Stevie Wonder: Are You Vaccinated?

I’m asking not just as a concerned long-time fan but mostly because he’s in the over-65 age group and, even more important, a kidney transplant recipient. The latter is a particularly vulnerable group because of having a tamped-down immune system designed to avoid attacking his transplanted kidney. If a kidney recipient like Stevie Wonder, or my son (to whom I donated 14 years ago), contracts the coronavirus, he is at far greater risk of having a severe case.

There are still some skeptics out there who fear taking the vaccine because kidney recipients—immuno-suppressed individuals in general—were not included in the vaccine clinical trials. I’ll admit I was a bit wary in the very beginning, too. But this is not a live vaccine, it’s safe, and it’s similar to earlier groups of vaccines about which scientists have a lot of experience. Also, and frankly, this is the bottom line: we do know about the risks of COVID and they’re very real. It’s no contest. Health authorities recommend that transplant recipients be vaccinated.

Alas, like everything else about this pandemic, access to the vaccines is not uniform. It varies by state, by demographic groups, and by circumstances. Millions of vulnerable people have not yet received theirs. In my state, North Carolina, healthcare providers of people with kidney failure and advocates have urged the governor to move up this group in the priority order. As people in the currently eligible population still struggle to snare an appointment for theirs, it hasn’t happened yet.

Being in that eligible population, I feel very fortunate to be fully vaccinated—and now fully protected. Why am I still wearing a mask in the photo then?

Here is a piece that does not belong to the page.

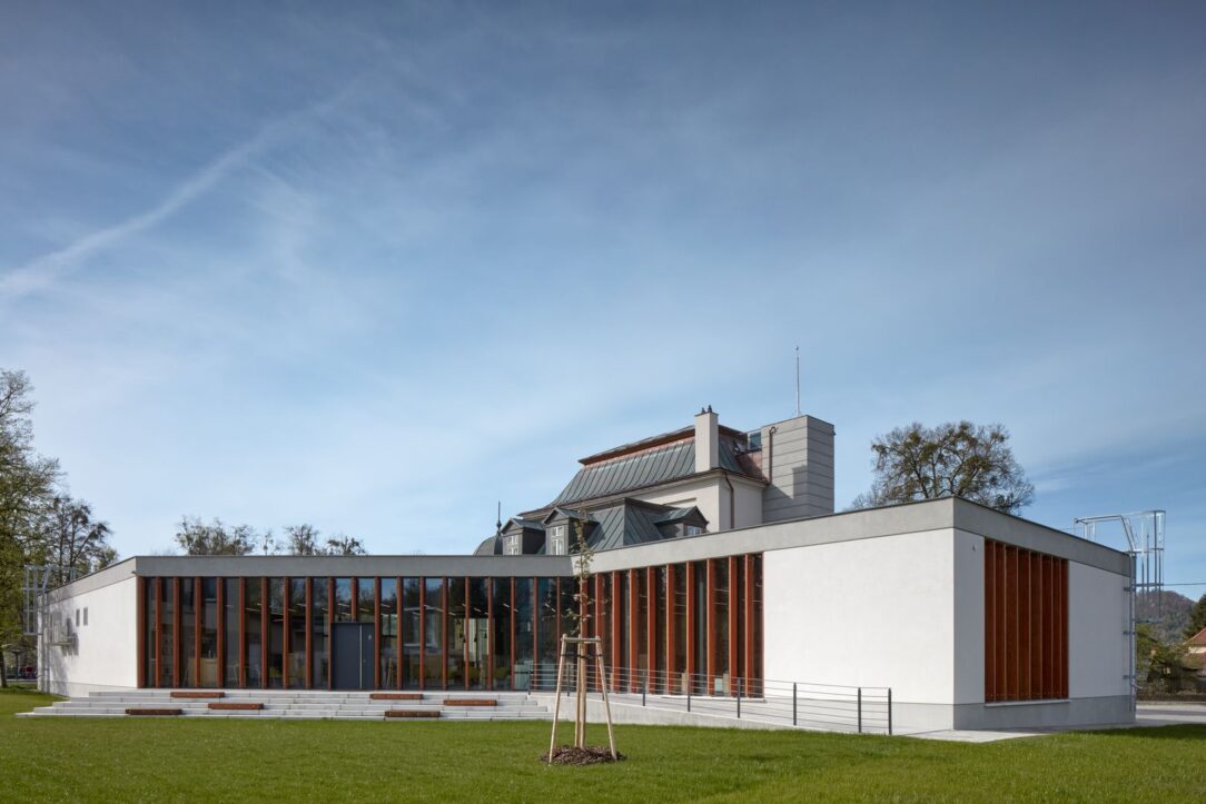 Rastúci význam knižnice, sídliacej v malebnej historickej vile, vyvolal logickú potrebu jej rozšírenia. Preto sa rozhodlo o usporiadaní otvorenej architektonickej súťaže. Víťazný návrh vytvorilo architektonické štúdio ČTYŘSTĚN, ktoré prišlo s myšlienkou doplniť vilu o modernú prístavbu.

For the same reason I’ve been doing it since last spring: because we don’t know yet if vaccinated people can infect others–and I care about the people around me.

According to the Washington Post, “An estimated 81 million adults have conditions that the Centers for Disease Control and Prevention identifies as posing an increased risk for severe covid-19, the illness caused by the coronavirus.”

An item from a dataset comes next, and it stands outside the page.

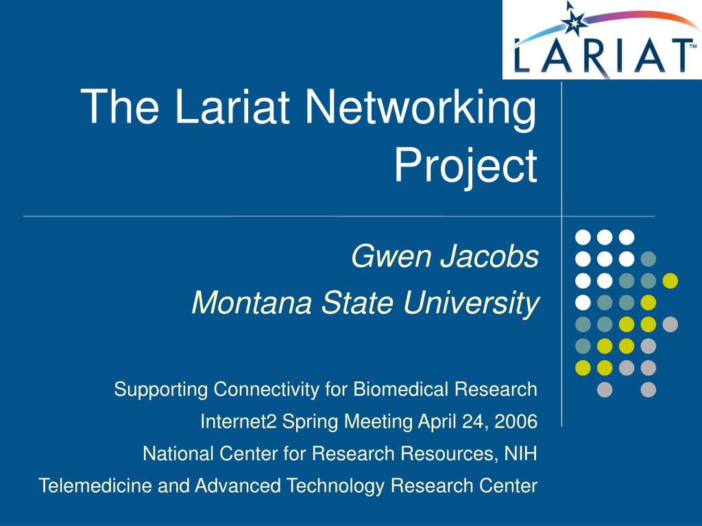 What is Lariat? • 10M project funded by National Center for Research Resources, NIH • Upgrade IT infrastructure for 6 institutions in the rural west • Connect each site to the closest Gigapop • IDeA Program: INBRE, COBRE, IDeANet

 So, sure, it’s extremely comforting to know that I’m fully protected, but that’s not true for my immuno-suppressed son, my immuno-suppressed friends, my friends with health conditions in other states, my younger daughter, my neighbors—in fact, most of my community—so you bet I still wear a mask and keep my distance. It’s worth it.

(Stevie: If you have had the COVID shots, please show your card, too, and continue to tell your story. Let other transplant recipients and any skeptics know!)

A Perfect Podcast to Honor National Donors Day

It’s been a busy couple of weeks since I last wrote about recording a guest spot on “This Podcast Will Kill You.” The episode on organ transplants aired this week and is available now. It fittingly arrived just in time for National Donors Day, which falls on Valentine’s Day. Learning about the fascinating biology and history–and critical need for–organ transplantation should spur more people to decide to register as organ donors.

Photo by Pixabay on Pexels.com

About 110,000 people in the United States are waiting for a lifesaving organ (most of them for a kidney). Only about 3 in 1,000 people die in such a way that organ donation is possible–for example, in a hospital following a car accident–so the pool is very small. That’s why it’s critical that everyone register. And those who can be organ donors can donate up to eight organs: two kidneys, two lungs, a pancreas, a liver, a heart, and intestines. Plus eyes and tissue–even hands and face.

The TPWKY podcast episode (no. 66, by the way, entitled “The Outs and Ins of Organ Transplants”) opens with my telling my story of donating to my son. Then Betsy Crais tells her story of receiving a kidney. Of course, we talk about our upcoming book, The Insider’s Guide to Living Kidney Donation. We were thrilled to learn that Erin Welsh, the co-host who interviewed us, had already read the complete manuscript and loved it. She urged listeners to watch for the book and even wrote a blurb for the book cover!

Please go to organdonor.gov or any of several sites and register now. It will take just a minute. And be sure to tell your family of your wishes to be an organ donor. As much as I want to encourage living donation, on the opening page of this website, I recognize that “being a living donor isn’t for everyone. It’s a big decision.” Registering to be a donor after your death, on the other hand–when you don’t need those precious organs anymore–just seems like a no-brainer.